**WHAT IS REQUIRED**
The expected answer is the full listing, repeated exactly and free of images.

**DATASET SECTION**
------------

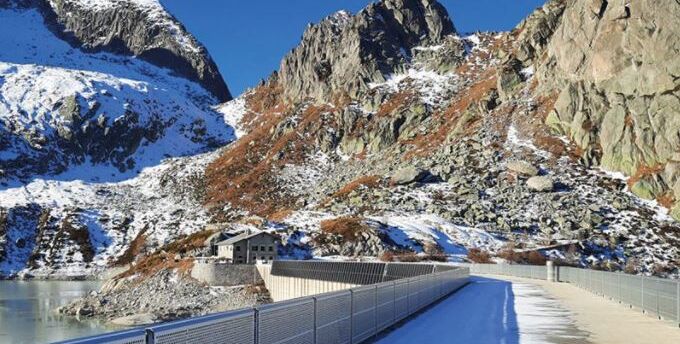 Im Jahr 1959 wurde in den Schweizer Alpen im Kanton Graubünden auf 2.162 Metern über dem Meeresspiegel der Staudamm Albigna in Betrieb genommen. Zusätzlich zur Wasserkraft produzieren seit September vergangenen Jahres an der Staumauer angebrachte Photovoltaik-Paneele jährlich bis zu 500 Megawattstunden sonnigen Naturstrom. Für die Geländesicherung des 759 Meter langen Staudammes, über welchen ein frequentierter Bergwanderweg führt, wurden sowohl auf der See- sowie der Talseite auf der Mauerkrone 1.467 Laufmeter an Speziallochblechen von SCHÄFER Lochbleche verbaut. Diese erlauben Passanten die absturzsichere Dammüberquerung und fungieren zugleich als Berührungsschutz der 1.280 Photovoltaik-Module.
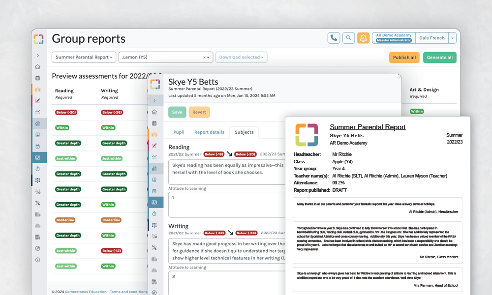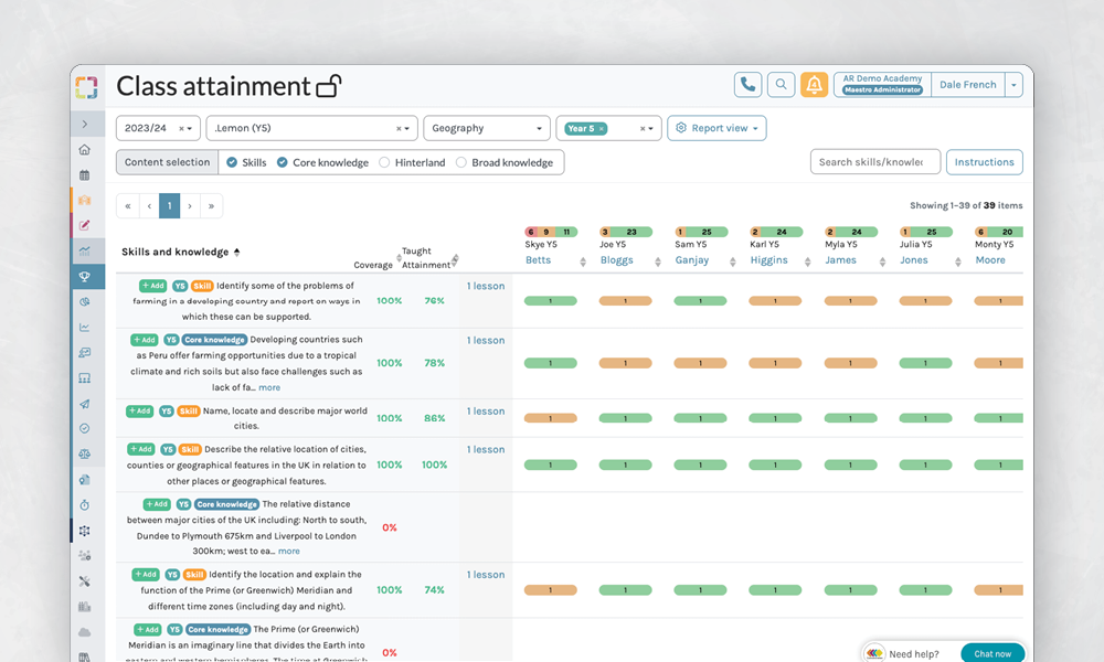 Instant information about a current classโ€™s attainment, learning and coverage of the schoolโ€™s curriculum.ย
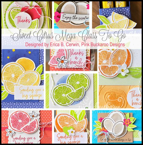 set is full of zesty image stamps and sweet sentiments to send well wishes to your favorite people. In this class, I have designed both a card and a treat/gift item using these stamps as a lemon, a lime, a grapefruit, an orange and a coconut! That’s ten projects in all- five cards, five treats! The treat projects coordinate with the cards so they can be given together if you
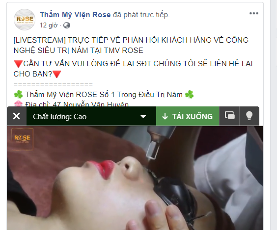Để thu hút sự quan tâm cũng như lấy lòng tin từ khách hàng, TMV ROSE đã phát trực tiếp về "công nghệ siêu trị nám" của mình thông qua mạng xã hội Facebook Khi PV nêu ra bằng chứng thể hiện Thẩm mỹ viện Rose quảng cáo vượt quá khả năng cũng như giấy phép hoạt động trên trang web thì bà Phương liên tục tìm cách thoái thác rằng họ không triển khai nhằm phủi trách nhiệm. Đại diện Thẩm mỹ viện Rose nêu lý khôi hài rằng trang web https://thammyvienrose.com và các quảng cáo vượt phép trên trang này tại địa chỉ 47 Nguyễn Văn Huyên không phải của họ.

------------

**REPLY TO THE TASK**
 Im Jahr 1959 wurde in den Schweizer Alpen im Kanton Graubünden auf 2.162 Metern über dem Meeresspiegel der Staudamm Albigna in Betrieb genommen. Zusätzlich zur Wasserkraft produzieren seit September vergangenen Jahres an der Staumauer angebrachte Photovoltaik-Paneele jährlich bis zu 500 Megawattstunden sonnigen Naturstrom. Für die Geländesicherung des 759 Meter langen Staudammes, über welchen ein frequentierter Bergwanderweg führt, wurden sowohl auf der See- sowie der Talseite auf der Mauerkrone 1.467 Laufmeter an Speziallochblechen von SCHÄFER Lochbleche verbaut. Diese erlauben Passanten die absturzsichere Dammüberquerung und fungieren zugleich als Berührungsschutz der 1.280 Photovoltaik-Module.
 Instant information about a current classโ€™s attainment, learning and coverage of the schoolโ€™s curriculum.ย
 set is full of zesty image stamps and sweet sentiments to send well wishes to your favorite people. In this class, I have designed both a card and a treat/gift item using these stamps as a lemon, a lime, a grapefruit, an orange and a coconut! That’s ten projects in all- five cards, five treats! The treat projects coordinate with the cards so they can be given together if you
Để thu hút sự quan tâm cũng như lấy lòng tin từ khách hàng, TMV ROSE đã phát trực tiếp về "công nghệ siêu trị nám" của mình thông qua mạng xã hội Facebook Khi PV nêu ra bằng chứng thể hiện Thẩm mỹ viện Rose quảng cáo vượt quá khả năng cũng như giấy phép hoạt động trên trang web thì bà Phương liên tục tìm cách thoái thác rằng họ không triển khai nhằm phủi trách nhiệm. Đại diện Thẩm mỹ viện Rose nêu lý khôi hài rằng trang web https://thammyvienrose.com và các quảng cáo vượt phép trên trang này tại địa chỉ 47 Nguyễn Văn Huyên không phải của họ.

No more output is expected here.